**EXERCISE OBJECTIVE**
Repeat, word for word, each of the records shown below, without their pictures.

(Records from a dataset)

╭──

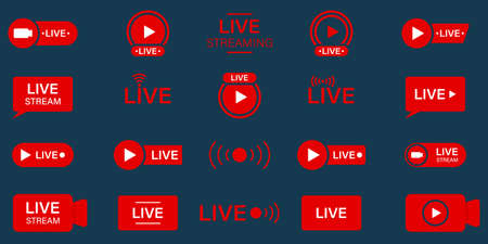 Live Stream Sign Set. Online News, Show, Channel Television. Live Stream Line Icon. Online Broadcast Buttons Pictogram. Red Symbol of Livestream. Isolated Vector Illustration
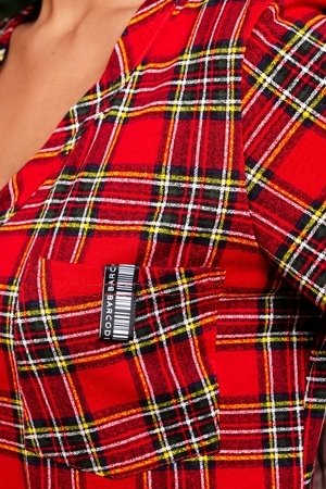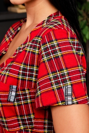 Халат на пуговицах, полуприлегающего силуэта, длиной выше колена, с округлой горловиной, с карманами в боковом шве, с фигурной линией низа и удлиненной спинкой. Рукав втачной, короткий. На левой полочке расположен накладной карман. Горловина и борта обработаны бейкой из основного полотна.
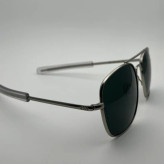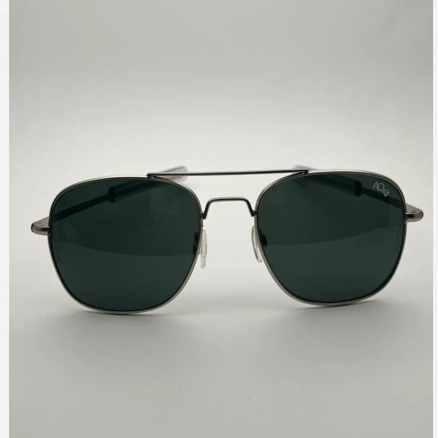 عینک آفتابی مردانه آمریکن اپتیکال مدل خلبانی aoعدسی شیشه طراحی خاص فرم فلزی رنگ نقره ای رنگ ثابت صد الژی و حساسیت
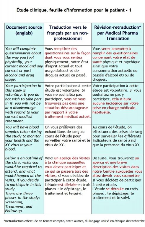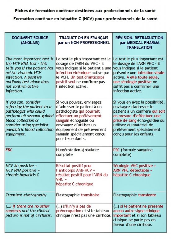 The pictures below outline two examples of work we could perform together (extract of two English-French medical translations I revised, right column). Further examples are available on the corresponding French and Italian page or on my Portfolio.
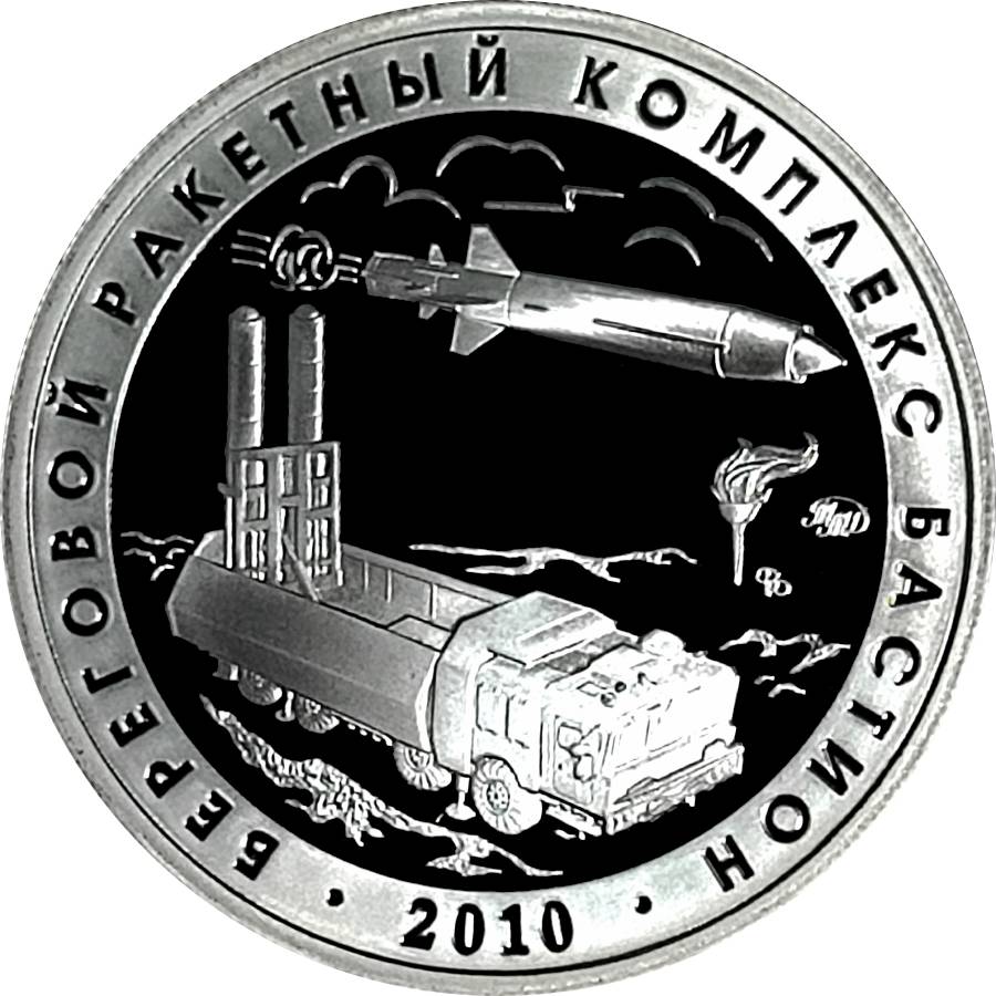 Описание: Берегова ракетна система «Бастіон». Рік випробування вказано внизу, з написом навколо кола.

╰──

**SOLUTION FOR THIS EXERCISE**
 Live Stream Sign Set. Online News, Show, Channel Television. Live Stream Line Icon. Online Broadcast Buttons Pictogram. Red Symbol of Livestream. Isolated Vector Illustration
 Халат на пуговицах, полуприлегающего силуэта, длиной выше колена, с округлой горловиной, с карманами в боковом шве, с фигурной линией низа и удлиненной спинкой. Рукав втачной, короткий. На левой полочке расположен накладной карман. Горловина и борта обработаны бейкой из основного полотна.
 عینک آفتابی مردانه آمریکن اپتیکال مدل خلبانی aoعدسی شیشه طراحی خاص فرم فلزی رنگ نقره ای رنگ ثابت صد الژی و حساسیت
 The pictures below outline two examples of work we could perform together (extract of two English-French medical translations I revised, right column). Further examples are available on the corresponding French and Italian page or on my Portfolio.
 Описание: Берегова ракетна система «Бастіон». Рік випробування вказано внизу, з написом навколо кола.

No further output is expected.